Writes Jones: "There are ministers who really have been harmed by the world (e.g., beaten for their faith) and know how to effectively minister to others. They are gifts to the church. They, of course, are images of our Savior who was truly pulverized by the world. For the sake of the Church, Tullian needs to shut up, not make a comeback. He needs to live a quiet, godly life. But this type of brown-nosing, virtue-signaling, Scripture-denying madness from Zahl is an attack upon Christ's bride and also an attack upon Tullian."

Contrast those shocking and hopeless words with Paul's words in Titus 2:11-12: "For the grace of God has appeared . . . instructing us to deny ungodliness and worldly desires and to live sensibly, righteously and godly in the present age."

Paul, in writing to Timothy (1 Timothy 3:2-7) says this; "Therefore an overseer must be above reproach, the husband of one wife, sober-minded, self-controlled, respectable, hospitable, able to teach, not a drunkard, not violent but gentle, not quarrelsome, not a lover of money. He must manage his own household well, with all dignity keeping his children submissive, for if someone does not know how to manage his own household, how will he care for God's church? He must not be a recent convert, or he may become puffed up with conceit and fall into the condemnation of the devil. Moreover, he must be well thought of by outsiders, so that he may not fall into disgrace, into a snare of the devil."

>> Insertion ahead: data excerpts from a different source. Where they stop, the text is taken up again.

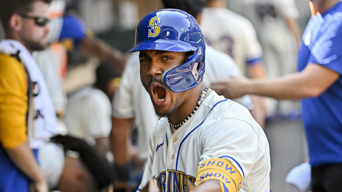 Julio Rodriguez received the pumpkin seeds shower after his second home run in as many days Sunday. He is a lock for American League Player of the Month in August.
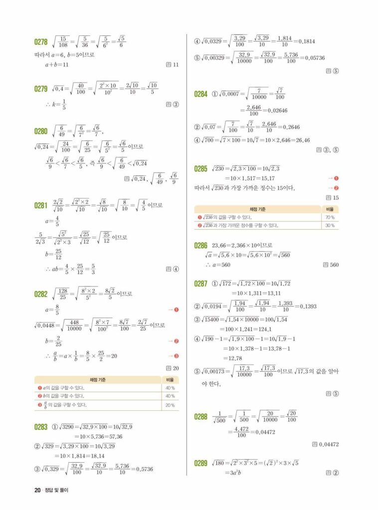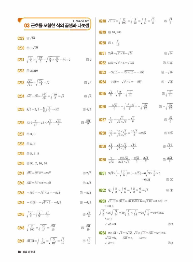 쎈중3-1 03 근호를 포함한 식의 곱셈과 나눗셈
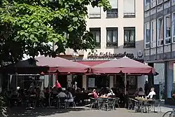 Um den Liebfrauenberg herum gruppieren sich Geschäfte, die Filiale eines Kreditinstitutes, eine Apotheke und Gastronomiebetriebe. Cafés bieten je nach Witterung auf dem Platz Sitzgelegenheiten an, darunter ein Eissalon. Eine Metzgerei bietet kalte und warme Speisen zum Mitnehmen oder Vor-Ort-Verzehr an.
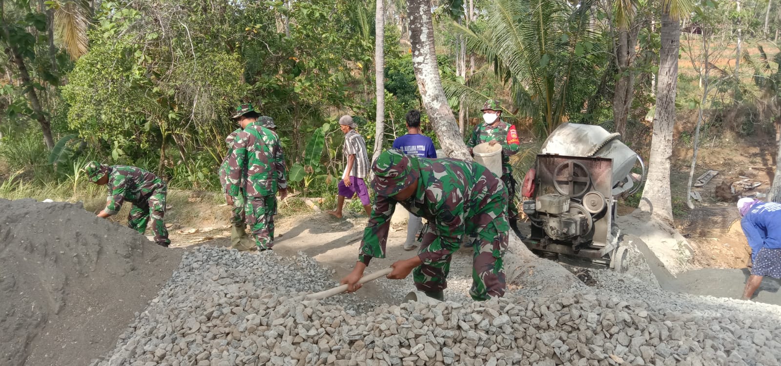 Marzuki (44 th) warga setempat yang hari ini mendapat bagian membantu dalam bekerja menuturkan bahwa adanya alat bantu aduk luluh(molen) sangatlah membantu para pekerja dalam mrnyiapkan adonan dalam pengecocaran, para pekerja bahu membahu dalam kegitan tersebut, ada yang bagian pasir, bagian semen, bagian air dalam pengisian moleh.
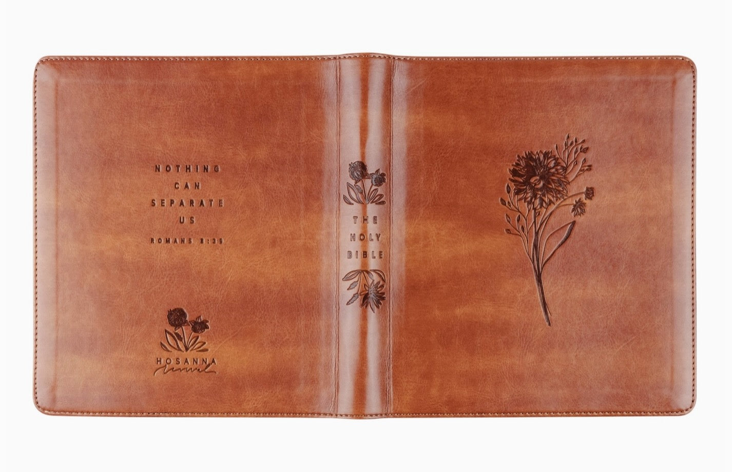 For the back of this Bible, I chose a passage from the end of Romans 8 that reads like a battle cry. God says that "Nothing will separate us from the love of God in Christ Jesus our Lord." Our hope and prayer for you is that God's love will strengthen you as you study Scripture using this precious tool, and that you'll be reminded of His steadfastness and the strength of His love, grace, and mercy as you read it each day.
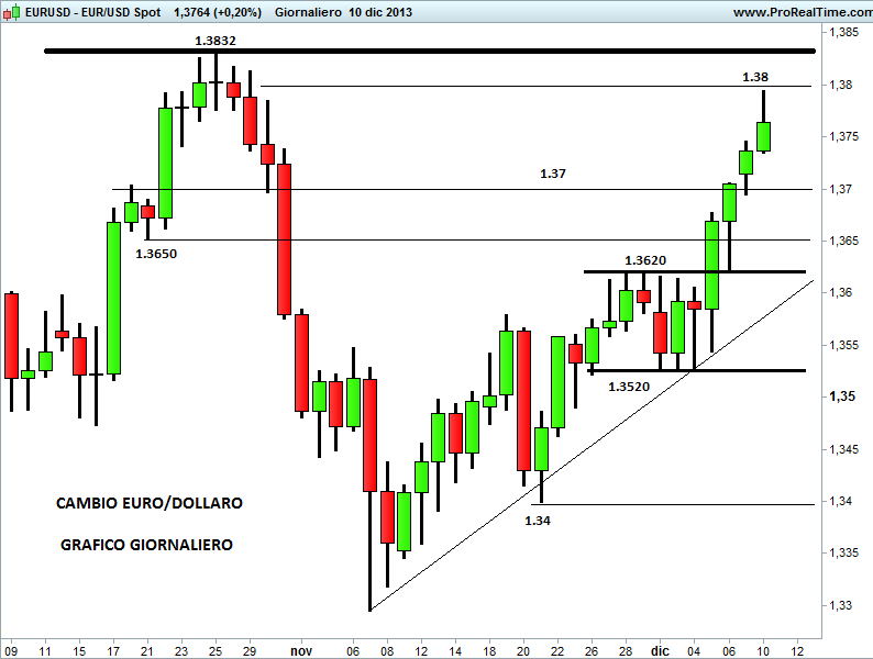 Il cambio euro/dollaro continua a salire con decisione, superando anche la resistenza chiave di 1,37 nonostante il tapering sia ora più vicino dopo i dati sul lavoro USA
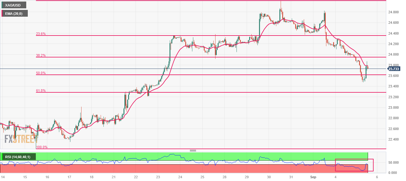 银价出现均值回归,接近 23.80 美元附近的 20 期指数移动平均缐 (EMA)。该资产在测试 50%斐波那契回撤位(从 8 月 15 日低点 22.23 美元至 8 月 30 日高点 25.02 美元的涨势)23.62 美元后试图回升。

Tullian committed adultery (at least) twice, hid them both, threw his wife under the bus for separating from him when she discovered the second affair, wrangled a job with some naive pastors while being stripped of his credentials by his presbytery, then fled accountability when his original affair became public, got remarried when he had no biblical grounds to do so, and now apparently seeks reinstatement to the office of elder (i.e., wants to preach).

If Tullian is "qualified brilliantly" because of his sins, what does that mean for the One who was tempted in every way that we are, yet without sin?

Zahl embraces all this. If Zahl was a true friend of Tullian, he would be faithful to Tullian's soul. He would quit the sycophancy and repent for making it sound like the church needs Tullian, when in fact it is Tullian who needs the church, says Jones. Zahl demonstrates an incomplete gospel proclamation.

The hyper grace movement constantly stresses depravity and forgiveness, with little or no emphasis on the transforming power of God's grace, an emphasis notably made by Archbishop Duncan at the inauguration of the ACNA. The movement loses sight of God's regenerating work in salvation. It paints the sinner into a helpless corner and makes God's grace a drop cloth.

We need to understand God's grace as Paul describes it in Colossians 1:13, "For He rescued us from the domain of darkness, and transferred us to the kingdom of His beloved Son."

Zahl's hyper grace teaching demonstrates amnesia about the reality of sin and is defective precisely at the point where the cross intersects with man and his sinfulness and the real grace of God which is greater than all our sin, and which, in turn, calls for a fulsome repentance.